By way of a counter-argument, sometimes the product can be so good, more importantly the marketing around the new paradigm can be so convincing that this is the new world you should be getting behind, that users actively switch and forget to ask for better air or gravity. The one example I remember is the iPhone which famously didn't have cut and paste in the early days - AND IT DIDN'T KILL THE PRODUCT. It was the Apple of then - which was an extension of Jobs - that could convince users they were on Mars and not shitty Earth, and silently add the feature in later on. The Apple of now tries to imitate what they had, with pulling jacks out of phones and removing all but a single type of port from their laptops, but it rings hollow. It isn't sold as well, it isn't understood as well by the people doing it, and so when they say COURAGE on stage people look at it like the youtube ads that say KNOWLEDGE.

(Venting the little rant I keep bottled up on that topic: removing ports to push people into the new age isn't how technology moves forward. Any new standard has the possiblity that massive use will expose problems that the designers couldn't conceivably think of. We lived with DVI while we figured out HDMI1 and then 2. There is no substitute for actual use at scale - no amount of testing or standards committees will solve that. THAT'S why we don't do that and the clusterfuck around USB-C connectors and protocols - is it displayPort over USB-C or Displayport over USB-C or DisplayPORT over USB-C - proves that. Also just the fact that you announce your company as falling behind a one port philosophy and forcing your users to convert when your mobile lineup and laptop lineup use TWO different one port solutions that have different licensing, power and hardware configurations shows it isn't really coherent. Sorry about that.)
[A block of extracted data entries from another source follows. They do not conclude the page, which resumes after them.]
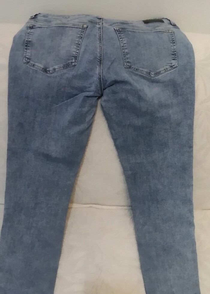Orginal mavi dar paça yüksek bel 30 31 beden rahat likralı boyu 30 sol üst bacakda biraz esneme var fotoğraf da görülüyor.
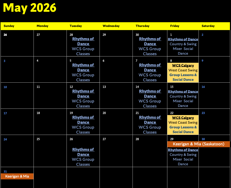 WCS Calendars for May & June
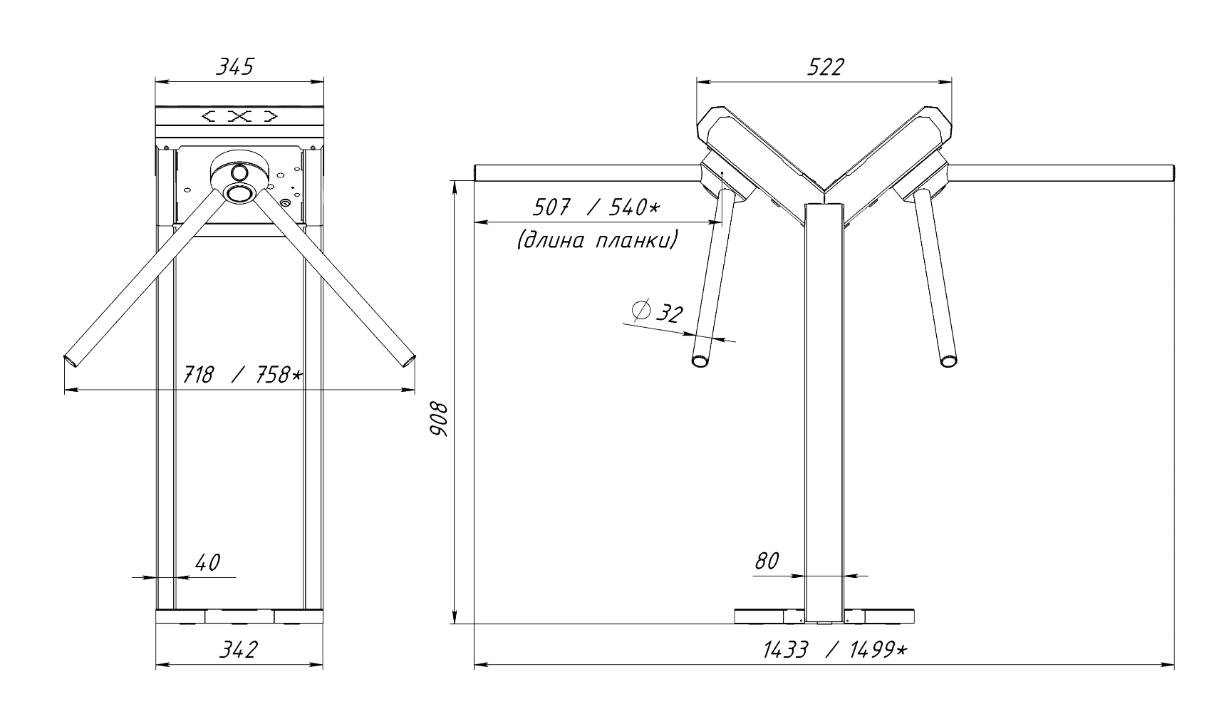 | Тип турникета | турникет-трипод двупроходный стоечный электромеханический |
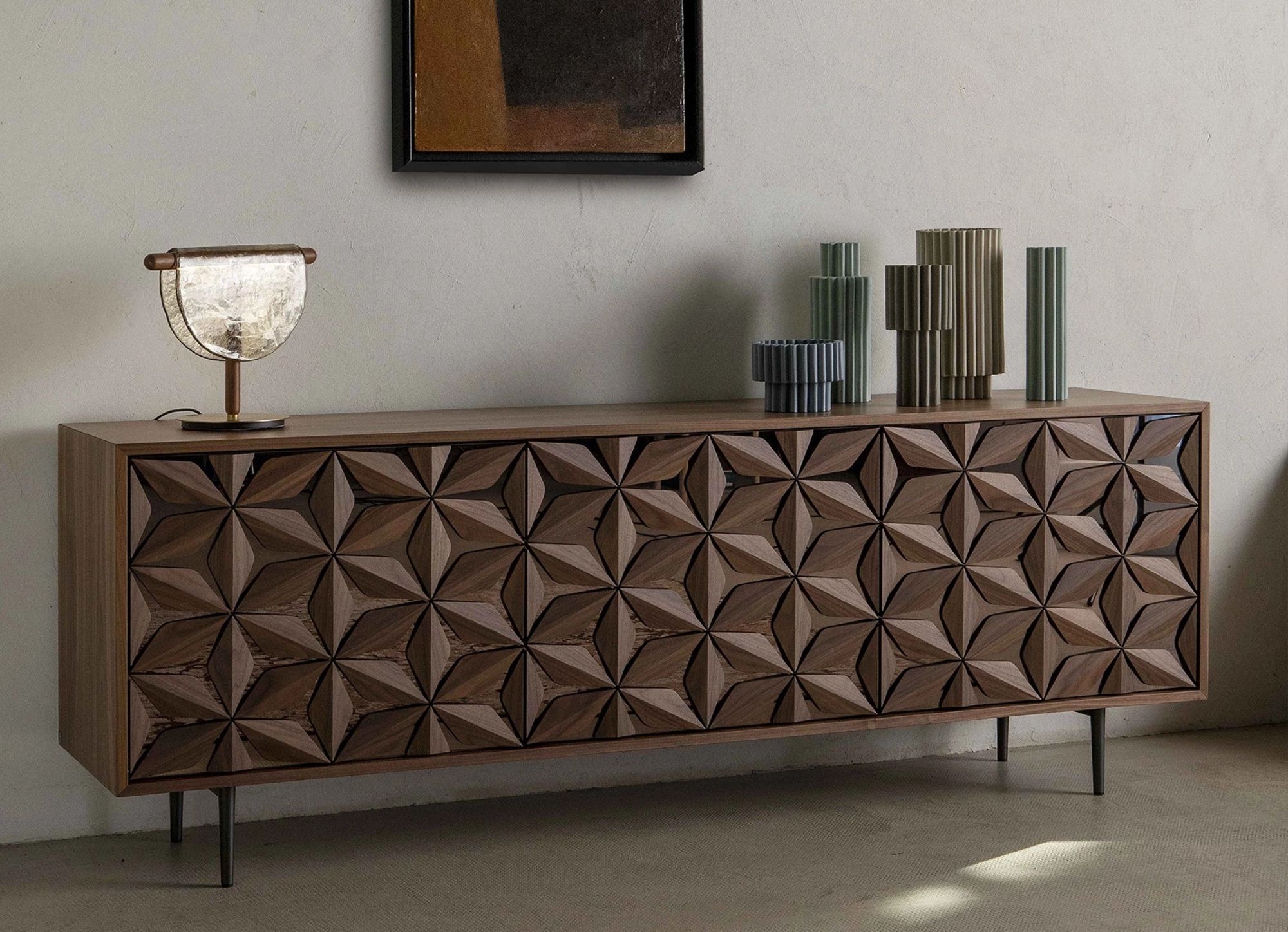 La madia All Star fonde la sua linea essenziale alla preziosa costellazione di petali in legno massello, applicati a mano, che ricoprono le ante dalle basi specchiate, per un elemento unico di design e alta artigianalità.

On the flip side of this story, this kind of new gravity also creates ecosystems that engender zealots who will fight for you once they've been initiated. Vi and Emacs come to mind. Don't get me wrong, I like EMACS. I like LISP, and I've lived in EMACS for a long time. I might still go back once I'm retired, but I left once I wanted to stop treating it like an operating system. I realised I had to - if your air smells like EMACS and your gravity feels like EMACS it feels weird to be anywhere else. I was looking at every system in life and wondering if I could whip up some code to do it in the editor so I didn't leave. Can I do email? Task Management? Phone-calls from Mum? Eventually I gave up while wondering what it would be like to improve the internal scheduler so I could load more complex programs. Vi is worse in our way or the highway. So I now work in nano - I know, I'll give you a second to leave disgusted that I've suckered you into believing that I know anything.

If you haven't, hear me out. It's available everywhere, it's light as hell, and it does what I need it to. When I open up data on a terminal, most of the time I'm looking to make a quick edit, save and get the hell out. Nano is near perfect. It's an editor that - and this is revolutionary - opens in EDIT mode, shows me the data, and has commonly used shortcuts for things right at the bottom because of course I forget that one thing I haven't used it forever. Of course I can get my emacs pinky out and google the right meta-thing for my function, and add it to my config file with a handy shortcut which I'm also now at risk of forgetting if I don't use it for another five years. I got tired of carrying around my .emacs file.

But until I moved out, I was willing to fight tooth and nail for my EMACS world. I understand the people that fight for Apple, VIM and Eclipse, I do. Except I don't think anybody fights for Eclipse.